Following the results of last month's general election, a special session of the National Assembly will be convened this afternoon, and the prime minister's nomination election will be held at the plenary session of the House of Representatives and the upper house, respectively.
Prime Minister Ishiba, who took office as prime minister on the 1st of last month, is likely to be re-elected as the 103rd prime minister in a special parliamentary session, local media predicted.
The ruling party failed to secure a majority of seats in last month's general election, but Ishiba is likely to be elected again as the opposition party failed to unify its candidates in the prime ministerial nomination election.

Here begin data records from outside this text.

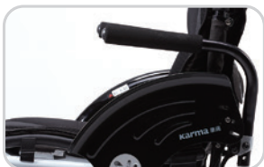
Dual Function Skirt/Mud Guard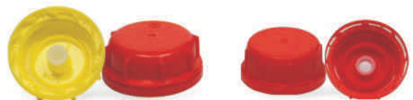
Temper Proof Cap / Vented Cap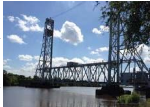
Neches River Lift Bridge Photo Credit: TxDOT Neches River Bridge Study Brochure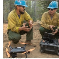
USFS / K. Greer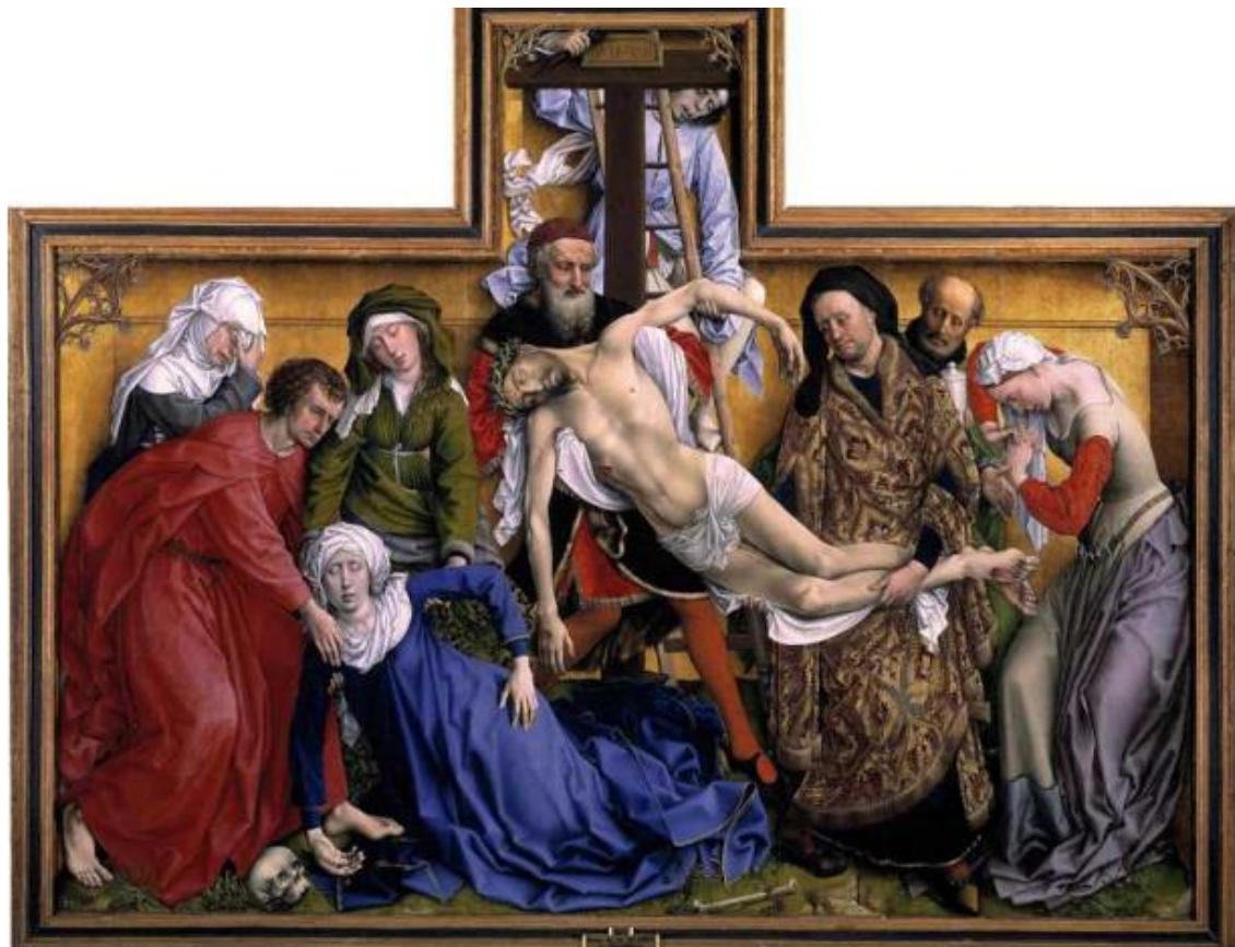
ROGIER VAN DER WEYDEN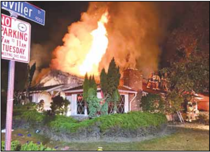
A house fire killed two residents early Saturday morning.

In last month's parliamentary elections, the Liberal Democrats and the coalition New Komeito won a combined 215 seats, falling short of the 233 majority of the 465 lower house seats.

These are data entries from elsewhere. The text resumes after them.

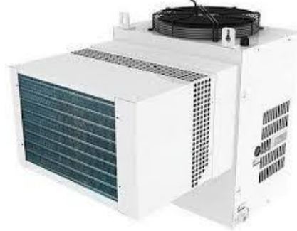
2hp monoblock refrigeration unit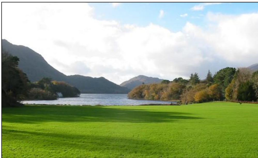
Lakes of Killarney

Transfer to Dublin's International Airport for return flight to USA. Arrive home in the evening of the same day.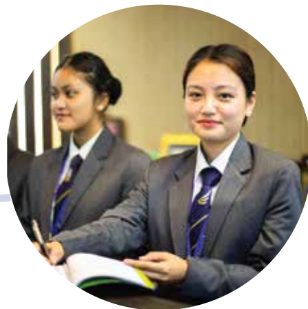
BBA (Hospital Management)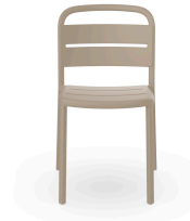
Como Chair Sand 05346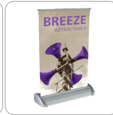
Unit is complete.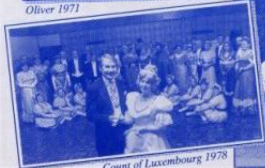
Count of Luxembourg 1978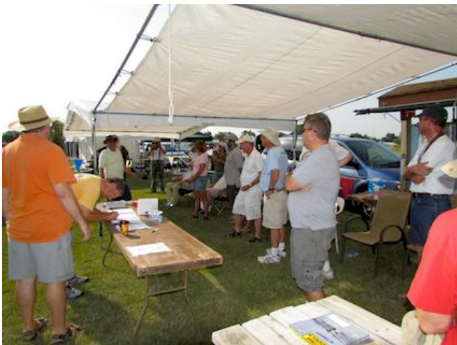
Pilots' Meeting and Registration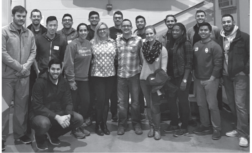
SJMOH ER residents who rolled up their sleeves at Gleaners Food Bank

In December, the St. John Macomb-Oakland Emergency Medicine Residency Program staff donated their time to the local food bank to give back to the community. During their visit, they moved 18,064 pounds of food which equates to 14,451 meals! In addition, the group donated funds to purchase 396 gallons of milk for families in need.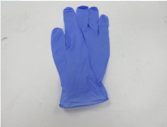
Samples described as NPF 2001-2006 Disposable nitrile glove (blue) size XS/6-XXL/11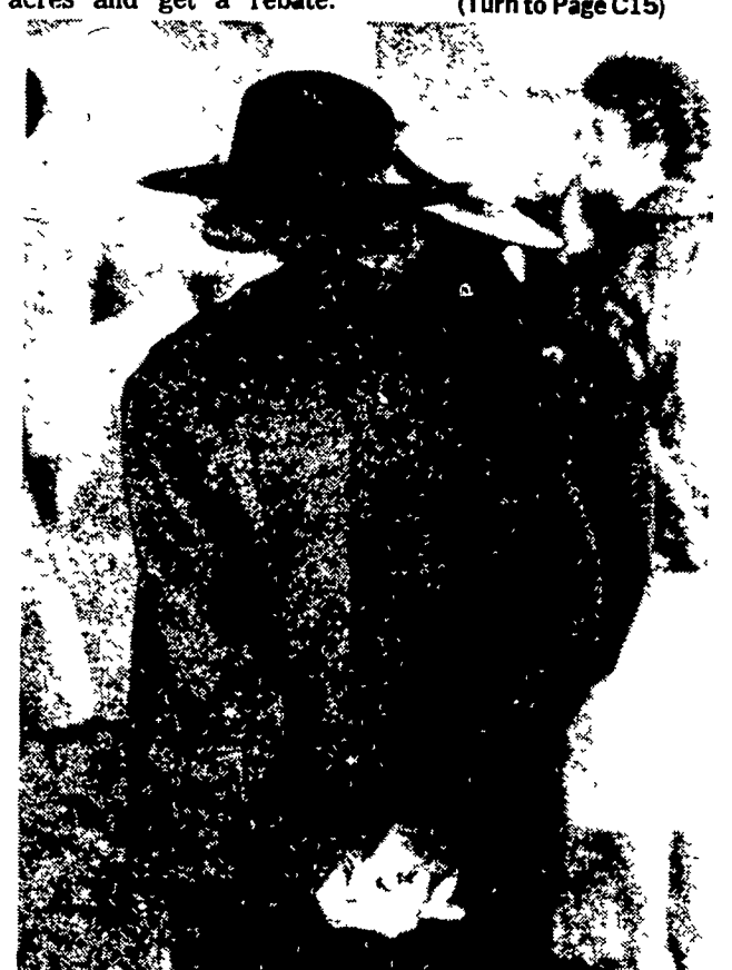
At a near half-million-dollar sale it's best to keep your hands hidden from view if you're not interested in bidding

acres and get a rebate." (Turn to Page C15)

If there is no majority vote in the first round of the prime ministerial nomination election, Prime Minister Ishiba, the Liberal Democratic Party's president, and Yoshihiko Noda, the leader of the main opposition Constitutional Democratic Party, are expected to hold a final vote between the top two.
If the final vote is held, it will be the fifth in 30 years since 1994, and the Japan Restoration Association and the People's Democratic Party have decided to vote for their party's leader in both the first and final elections of the prime minister's election.
Prime Minister Ishiba, the majority Liberal Democratic Party president, is likely to be re-elected because writing down someone other than the two candidates in the final round will invalidate both.